▶ **Requirement**: Copy out the data below from the line containing "Sweet Mommy ストレッチコットン" to the line containing "656 M livres", both lines included, with all images left out.
Information provided Start Marker
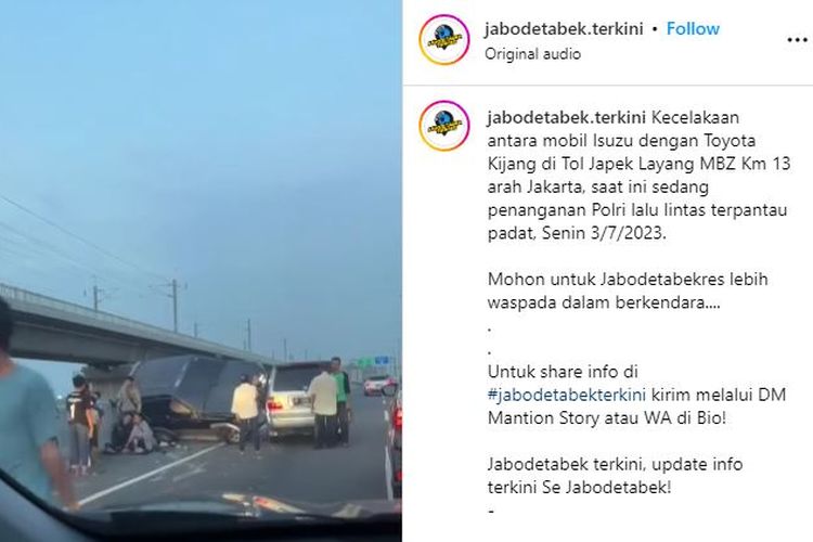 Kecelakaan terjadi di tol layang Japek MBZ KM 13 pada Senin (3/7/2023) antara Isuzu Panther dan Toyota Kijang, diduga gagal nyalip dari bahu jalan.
Information provided End Marker
Information provided Start Marker
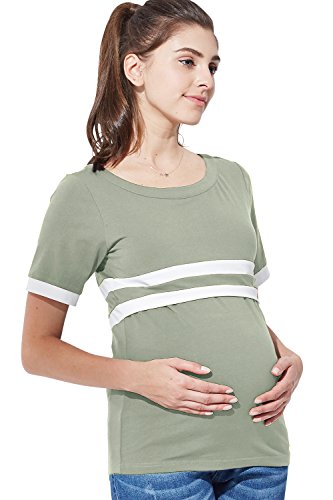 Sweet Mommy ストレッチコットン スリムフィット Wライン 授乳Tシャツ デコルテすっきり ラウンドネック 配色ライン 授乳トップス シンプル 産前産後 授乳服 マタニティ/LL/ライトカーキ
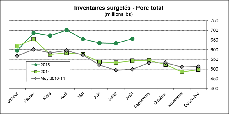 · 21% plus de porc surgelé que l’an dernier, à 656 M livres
Information provided End Marker
▶ **Output**:
 Sweet Mommy ストレッチコットン スリムフィット Wライン 授乳Tシャツ デコルテすっきり ラウンドネック 配色ライン 授乳トップス シンプル 産前産後 授乳服 マタニティ/LL/ライトカーキ
 · 21% plus de porc surgelé que l’an dernier, à 656 M livres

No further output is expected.